Сговорились они, что ли? Ладно, сейчас получит!)

Он сел в свой диванный уголок, она остановилась напротив.

— Запомню и очень благодарна. Но больше, Иван Александрович, я в вашей помощи не нуждаюсь, теперь справлюсь сама.

— В доме есть валерьянка? — поинтересовался он хладнокровно. — Или осушить слезы поцелуями?

— Ведь я заплатила вам за университет? Мы в расчете? Или еще должна? Заранее скажите: сколько?

— А зачем тебе знать заранее?

Нет, этого ничем не проймешь!

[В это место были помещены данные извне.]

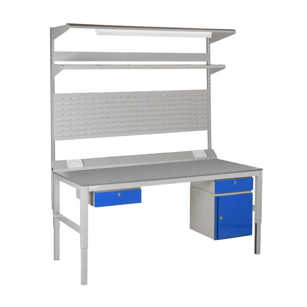 E8-BHLA5/B - Easy Order Bolt Adjustable Height Workbench | Worktop Size ( L X Wmm): 1500 X 750 | Worktop Type: Laminate | Door Colour: Blue
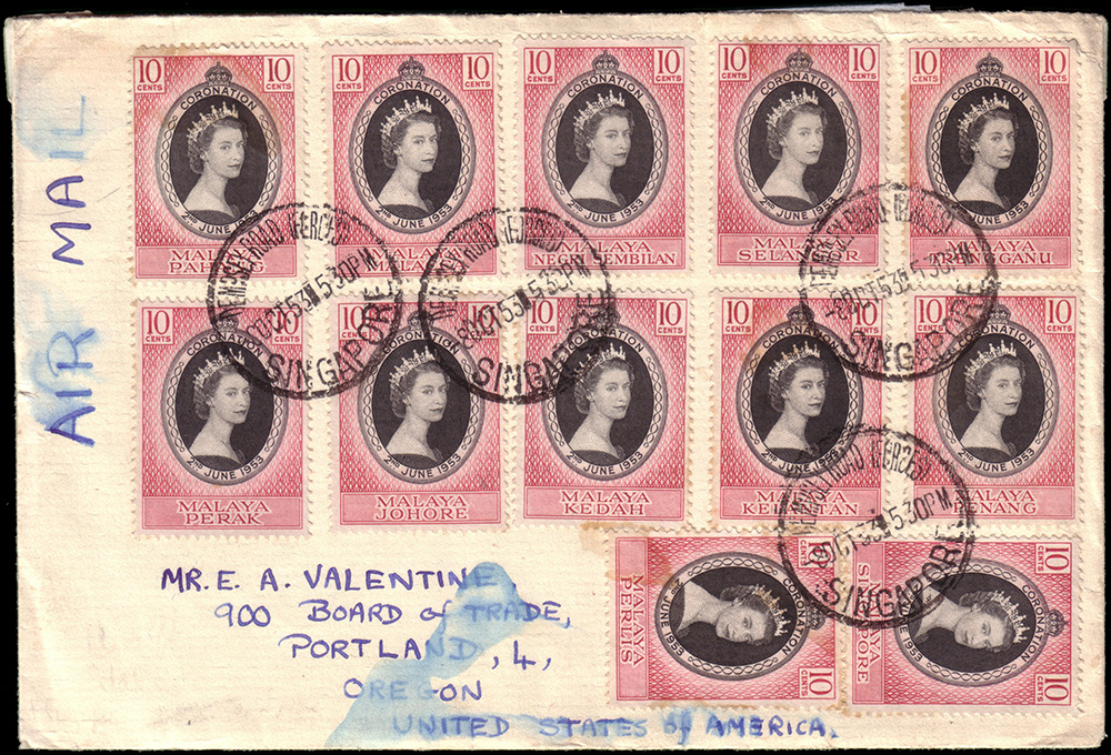 Busta da Singapore per Portland (Stati Uniti), affrancata con il giro completo degli 11 stati più Singapore, della serie "Coronation".

Он взял ее за руки на колени («Только б не ушел!» — она испугалась вдруг), погладил по голове.

— Ну, что случилось? Кто тебя обидел? Разве я?

— Никто. Просто я не хочу на «Пиковую даму».

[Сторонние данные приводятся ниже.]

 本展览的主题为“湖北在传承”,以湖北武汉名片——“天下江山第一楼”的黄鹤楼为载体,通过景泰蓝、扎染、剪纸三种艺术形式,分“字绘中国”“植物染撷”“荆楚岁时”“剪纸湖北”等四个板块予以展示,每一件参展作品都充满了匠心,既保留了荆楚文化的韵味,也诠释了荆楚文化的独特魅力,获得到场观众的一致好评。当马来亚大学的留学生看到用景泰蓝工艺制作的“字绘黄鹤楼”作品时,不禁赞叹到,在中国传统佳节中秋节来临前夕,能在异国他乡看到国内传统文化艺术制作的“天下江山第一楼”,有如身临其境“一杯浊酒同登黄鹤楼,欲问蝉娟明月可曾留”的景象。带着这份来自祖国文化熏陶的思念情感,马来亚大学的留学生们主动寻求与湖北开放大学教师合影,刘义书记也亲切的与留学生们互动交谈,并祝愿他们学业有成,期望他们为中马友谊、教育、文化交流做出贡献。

— И я не хочу. Мы останемся здесь, так?.. И никогда ни о чем не беспокойся заранее.

— Иван Александрович!..

— Не беспокойся. Когда я надоем тебе, я уйду. И наоборот. Но зачем губить мгновение, прелесть моя?

— Только мгновение?

— Только. Больше ничего нет.

В распахнутой калитке крайней дачки стоял человек с лопатой.

— Кирилл Мефодьевич? — неуверенно спросил Алеша.

— Вот видите, и вы меня вспомнили. Вы проходили мимо к озеру, и мне показалось… или я помешал?

Вглядываясь и вслушиваясь, он внезапно осознал такое одиночество, свое одиночество в мире, что поспешно пошел на взгляд, на голос, забыв про вещи, вернулся, оделся. «Нет, не помешали!» Дорожка меж розами, зеленый домик в одно окошко, лавка, вбитый в землю стол.

— Как ваши дела, Алексей?

— Нормально. Четыре, пять. У Лизы две пятерки. А я тут к знакомым — не застал. А вы тут… забавно! Можно, я закурю?

— Конечно. Даже не ожидал, что вы такие молодцы.

— Везение. Попался б какой-нибудь Фурманов — и ку-ку! У меня на соцреализм аллергия, что-то вроде бешенства, как у собак. Правда. «Камень на камень, кирпич на кирпич, умер наш Ленин, Владимир Ильич!»

— Да, это трагедия, — согласился странный старик. — Сейчас я вас покормлю, — и исчез в домике.

Трагедия! Скажет тоже. Но как хорошо, спокойно, тихо в пятнистой тени, яблочки висят, горят розы. Должно быть, коммунист со стажем, идеалы, пусть живет… Кирилл Мефодьевич принес миску с вареной картошкой в постном масле и огурцами. Вкуснотища. И чай. Не буду спорить, иначе придется уйти, а мне не хочется. С этим стариком хорошо молчится — вот что удивительно. И все-таки Алешу хватило ненадолго:

— Вы всерьез считаете «кирпич на кирпич» трагедией? Кирпичей-то они выдали и продолжают.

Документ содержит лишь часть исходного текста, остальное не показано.